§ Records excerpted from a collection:
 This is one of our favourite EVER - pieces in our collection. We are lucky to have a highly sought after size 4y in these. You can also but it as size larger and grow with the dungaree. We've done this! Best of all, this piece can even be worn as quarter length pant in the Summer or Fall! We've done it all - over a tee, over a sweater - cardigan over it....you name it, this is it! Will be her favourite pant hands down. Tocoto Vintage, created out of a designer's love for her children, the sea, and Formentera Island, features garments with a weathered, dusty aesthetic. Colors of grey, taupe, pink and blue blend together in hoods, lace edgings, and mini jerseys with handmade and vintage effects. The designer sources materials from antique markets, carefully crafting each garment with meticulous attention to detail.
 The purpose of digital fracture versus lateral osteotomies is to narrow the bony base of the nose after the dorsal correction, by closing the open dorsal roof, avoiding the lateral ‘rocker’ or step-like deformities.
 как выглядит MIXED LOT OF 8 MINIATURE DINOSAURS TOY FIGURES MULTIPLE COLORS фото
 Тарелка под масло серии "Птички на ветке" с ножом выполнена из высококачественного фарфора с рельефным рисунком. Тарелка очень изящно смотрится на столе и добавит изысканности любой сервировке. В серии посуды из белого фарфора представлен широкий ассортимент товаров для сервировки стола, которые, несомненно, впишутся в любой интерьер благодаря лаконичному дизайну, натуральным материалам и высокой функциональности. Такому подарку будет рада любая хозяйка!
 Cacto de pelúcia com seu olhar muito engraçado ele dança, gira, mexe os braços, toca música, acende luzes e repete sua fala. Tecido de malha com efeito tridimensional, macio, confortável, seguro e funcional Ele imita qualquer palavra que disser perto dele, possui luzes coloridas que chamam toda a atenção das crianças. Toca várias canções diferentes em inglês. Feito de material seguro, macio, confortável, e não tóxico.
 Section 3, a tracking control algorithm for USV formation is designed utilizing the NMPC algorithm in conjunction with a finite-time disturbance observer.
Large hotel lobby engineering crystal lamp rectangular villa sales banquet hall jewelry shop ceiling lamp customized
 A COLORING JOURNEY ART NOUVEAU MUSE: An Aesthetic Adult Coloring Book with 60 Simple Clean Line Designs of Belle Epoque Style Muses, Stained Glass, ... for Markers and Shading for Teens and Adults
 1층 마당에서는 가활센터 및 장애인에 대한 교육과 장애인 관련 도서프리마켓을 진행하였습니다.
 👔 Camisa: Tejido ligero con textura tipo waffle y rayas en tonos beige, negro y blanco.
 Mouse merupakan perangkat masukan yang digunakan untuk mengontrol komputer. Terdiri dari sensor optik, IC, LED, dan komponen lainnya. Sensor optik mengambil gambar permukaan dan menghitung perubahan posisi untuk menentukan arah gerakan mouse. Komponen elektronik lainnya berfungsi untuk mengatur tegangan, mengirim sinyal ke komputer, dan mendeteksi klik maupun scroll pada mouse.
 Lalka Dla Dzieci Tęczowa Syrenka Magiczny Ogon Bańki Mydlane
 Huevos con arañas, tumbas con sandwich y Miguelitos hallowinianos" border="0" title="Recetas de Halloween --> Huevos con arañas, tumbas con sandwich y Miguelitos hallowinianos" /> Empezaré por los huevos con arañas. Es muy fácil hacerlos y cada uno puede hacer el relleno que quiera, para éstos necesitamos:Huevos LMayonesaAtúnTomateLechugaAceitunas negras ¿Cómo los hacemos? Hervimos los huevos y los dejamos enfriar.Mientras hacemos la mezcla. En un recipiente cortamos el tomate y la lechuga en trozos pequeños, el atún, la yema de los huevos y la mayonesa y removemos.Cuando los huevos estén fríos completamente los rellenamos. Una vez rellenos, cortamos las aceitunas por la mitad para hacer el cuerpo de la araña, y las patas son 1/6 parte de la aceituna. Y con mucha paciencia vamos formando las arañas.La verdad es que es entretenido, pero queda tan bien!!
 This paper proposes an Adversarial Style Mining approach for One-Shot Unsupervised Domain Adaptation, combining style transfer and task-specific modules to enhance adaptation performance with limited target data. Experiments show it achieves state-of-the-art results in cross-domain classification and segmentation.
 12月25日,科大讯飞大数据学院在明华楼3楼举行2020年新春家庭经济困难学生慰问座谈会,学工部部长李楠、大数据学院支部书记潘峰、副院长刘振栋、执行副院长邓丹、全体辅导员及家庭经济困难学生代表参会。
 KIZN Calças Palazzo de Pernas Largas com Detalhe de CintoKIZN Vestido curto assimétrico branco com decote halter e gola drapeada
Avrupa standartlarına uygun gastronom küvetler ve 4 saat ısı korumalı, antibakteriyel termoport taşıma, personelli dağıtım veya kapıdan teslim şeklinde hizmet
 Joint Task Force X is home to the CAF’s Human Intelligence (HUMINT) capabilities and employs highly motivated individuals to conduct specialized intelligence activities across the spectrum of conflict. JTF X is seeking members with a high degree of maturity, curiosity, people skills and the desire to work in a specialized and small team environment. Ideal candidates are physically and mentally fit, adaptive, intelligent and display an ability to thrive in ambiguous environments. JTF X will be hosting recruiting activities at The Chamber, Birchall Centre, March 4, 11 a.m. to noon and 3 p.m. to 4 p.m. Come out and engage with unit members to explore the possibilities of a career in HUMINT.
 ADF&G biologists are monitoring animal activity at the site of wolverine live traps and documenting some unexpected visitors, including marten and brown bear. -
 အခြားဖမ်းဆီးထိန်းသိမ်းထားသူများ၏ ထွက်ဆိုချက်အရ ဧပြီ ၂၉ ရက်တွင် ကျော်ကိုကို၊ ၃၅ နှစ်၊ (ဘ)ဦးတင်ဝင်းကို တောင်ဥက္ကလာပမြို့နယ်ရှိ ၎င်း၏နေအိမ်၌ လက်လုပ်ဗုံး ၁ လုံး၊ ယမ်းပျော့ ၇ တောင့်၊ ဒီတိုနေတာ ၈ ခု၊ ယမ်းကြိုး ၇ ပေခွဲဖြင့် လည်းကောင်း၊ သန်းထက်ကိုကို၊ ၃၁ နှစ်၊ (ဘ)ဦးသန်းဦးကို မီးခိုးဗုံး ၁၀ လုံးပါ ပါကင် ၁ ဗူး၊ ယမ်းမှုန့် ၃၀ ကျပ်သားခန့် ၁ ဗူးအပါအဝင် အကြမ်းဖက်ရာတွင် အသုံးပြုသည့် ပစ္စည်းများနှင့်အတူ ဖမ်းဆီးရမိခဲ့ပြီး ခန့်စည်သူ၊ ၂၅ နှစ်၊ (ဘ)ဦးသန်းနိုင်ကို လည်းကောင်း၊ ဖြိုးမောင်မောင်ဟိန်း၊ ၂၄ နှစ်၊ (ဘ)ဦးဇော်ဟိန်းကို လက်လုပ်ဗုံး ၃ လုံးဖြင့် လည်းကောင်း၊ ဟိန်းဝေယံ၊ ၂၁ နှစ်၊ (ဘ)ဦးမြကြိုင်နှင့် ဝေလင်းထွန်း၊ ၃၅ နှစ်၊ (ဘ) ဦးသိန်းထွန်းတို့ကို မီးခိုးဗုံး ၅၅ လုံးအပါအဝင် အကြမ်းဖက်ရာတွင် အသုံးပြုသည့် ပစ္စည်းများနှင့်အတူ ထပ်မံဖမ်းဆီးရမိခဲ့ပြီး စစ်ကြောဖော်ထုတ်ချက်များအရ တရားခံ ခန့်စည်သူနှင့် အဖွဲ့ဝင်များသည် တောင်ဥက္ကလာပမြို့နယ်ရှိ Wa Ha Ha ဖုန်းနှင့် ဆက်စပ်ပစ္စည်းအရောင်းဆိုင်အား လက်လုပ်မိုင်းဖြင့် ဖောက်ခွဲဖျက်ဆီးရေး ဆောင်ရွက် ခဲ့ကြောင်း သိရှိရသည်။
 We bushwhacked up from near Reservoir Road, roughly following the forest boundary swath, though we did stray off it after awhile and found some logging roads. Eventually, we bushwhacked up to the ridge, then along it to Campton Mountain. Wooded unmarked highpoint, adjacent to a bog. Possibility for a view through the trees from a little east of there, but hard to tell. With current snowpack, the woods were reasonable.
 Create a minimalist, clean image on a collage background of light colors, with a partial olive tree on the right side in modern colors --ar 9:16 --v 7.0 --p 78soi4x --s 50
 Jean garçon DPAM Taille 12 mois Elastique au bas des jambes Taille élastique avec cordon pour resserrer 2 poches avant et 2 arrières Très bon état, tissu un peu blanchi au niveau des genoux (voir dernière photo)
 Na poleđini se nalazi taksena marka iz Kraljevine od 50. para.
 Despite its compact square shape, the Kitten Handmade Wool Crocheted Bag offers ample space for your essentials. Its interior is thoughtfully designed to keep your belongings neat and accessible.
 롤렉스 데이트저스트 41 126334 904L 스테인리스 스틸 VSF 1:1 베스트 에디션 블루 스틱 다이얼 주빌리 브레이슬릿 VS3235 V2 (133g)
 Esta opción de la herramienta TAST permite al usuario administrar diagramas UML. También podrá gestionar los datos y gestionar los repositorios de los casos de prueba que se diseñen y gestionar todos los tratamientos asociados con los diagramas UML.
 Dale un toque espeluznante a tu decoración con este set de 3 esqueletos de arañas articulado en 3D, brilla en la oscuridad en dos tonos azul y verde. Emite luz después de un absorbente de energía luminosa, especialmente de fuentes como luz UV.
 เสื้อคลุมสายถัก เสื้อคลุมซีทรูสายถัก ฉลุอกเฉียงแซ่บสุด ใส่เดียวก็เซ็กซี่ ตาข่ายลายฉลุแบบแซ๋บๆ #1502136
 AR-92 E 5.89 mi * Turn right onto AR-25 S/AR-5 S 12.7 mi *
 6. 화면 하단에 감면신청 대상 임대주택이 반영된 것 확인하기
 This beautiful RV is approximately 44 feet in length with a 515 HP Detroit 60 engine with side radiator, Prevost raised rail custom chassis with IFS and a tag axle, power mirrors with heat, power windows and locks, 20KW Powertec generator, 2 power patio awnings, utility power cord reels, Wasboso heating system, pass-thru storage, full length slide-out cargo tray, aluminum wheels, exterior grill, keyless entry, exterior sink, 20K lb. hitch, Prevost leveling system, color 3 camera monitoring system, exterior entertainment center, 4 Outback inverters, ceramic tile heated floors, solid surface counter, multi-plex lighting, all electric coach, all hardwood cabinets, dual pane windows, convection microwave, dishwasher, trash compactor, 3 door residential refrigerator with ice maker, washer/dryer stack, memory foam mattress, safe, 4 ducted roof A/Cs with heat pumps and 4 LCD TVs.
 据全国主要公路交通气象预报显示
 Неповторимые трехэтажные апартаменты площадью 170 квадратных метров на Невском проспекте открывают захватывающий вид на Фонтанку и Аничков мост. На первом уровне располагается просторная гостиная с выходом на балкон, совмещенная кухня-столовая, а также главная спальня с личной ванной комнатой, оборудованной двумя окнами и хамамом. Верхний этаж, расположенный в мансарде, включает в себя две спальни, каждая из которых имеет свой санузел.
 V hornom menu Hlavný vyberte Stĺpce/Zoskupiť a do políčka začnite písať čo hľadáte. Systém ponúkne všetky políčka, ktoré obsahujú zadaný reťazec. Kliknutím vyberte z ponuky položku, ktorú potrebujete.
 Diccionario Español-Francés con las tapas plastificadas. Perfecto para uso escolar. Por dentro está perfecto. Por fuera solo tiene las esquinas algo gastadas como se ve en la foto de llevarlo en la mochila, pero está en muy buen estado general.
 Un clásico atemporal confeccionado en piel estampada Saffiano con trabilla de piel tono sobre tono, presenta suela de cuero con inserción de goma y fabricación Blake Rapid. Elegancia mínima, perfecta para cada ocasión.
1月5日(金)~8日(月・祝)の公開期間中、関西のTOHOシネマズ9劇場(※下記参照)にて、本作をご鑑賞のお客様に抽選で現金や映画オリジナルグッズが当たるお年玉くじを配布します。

§ Goal of the exercise: Up to and including the line with "Тарелка под масло", repeat the entries exactly, beginning at their first line.

§ Reply to the exercise:
 This is one of our favourite EVER - pieces in our collection. We are lucky to have a highly sought after size 4y in these. You can also but it as size larger and grow with the dungaree. We've done this! Best of all, this piece can even be worn as quarter length pant in the Summer or Fall! We've done it all - over a tee, over a sweater - cardigan over it....you name it, this is it! Will be her favourite pant hands down. Tocoto Vintage, created out of a designer's love for her children, the sea, and Formentera Island, features garments with a weathered, dusty aesthetic. Colors of grey, taupe, pink and blue blend together in hoods, lace edgings, and mini jerseys with handmade and vintage effects. The designer sources materials from antique markets, carefully crafting each garment with meticulous attention to detail.
 The purpose of digital fracture versus lateral osteotomies is to narrow the bony base of the nose after the dorsal correction, by closing the open dorsal roof, avoiding the lateral ‘rocker’ or step-like deformities.
 как выглядит MIXED LOT OF 8 MINIATURE DINOSAURS TOY FIGURES MULTIPLE COLORS фото
 Тарелка под масло серии "Птички на ветке" с ножом выполнена из высококачественного фарфора с рельефным рисунком. Тарелка очень изящно смотрится на столе и добавит изысканности любой сервировке. В серии посуды из белого фарфора представлен широкий ассортимент товаров для сервировки стола, которые, несомненно, впишутся в любой интерьер благодаря лаконичному дизайну, натуральным материалам и высокой функциональности. Такому подарку будет рада любая хозяйка!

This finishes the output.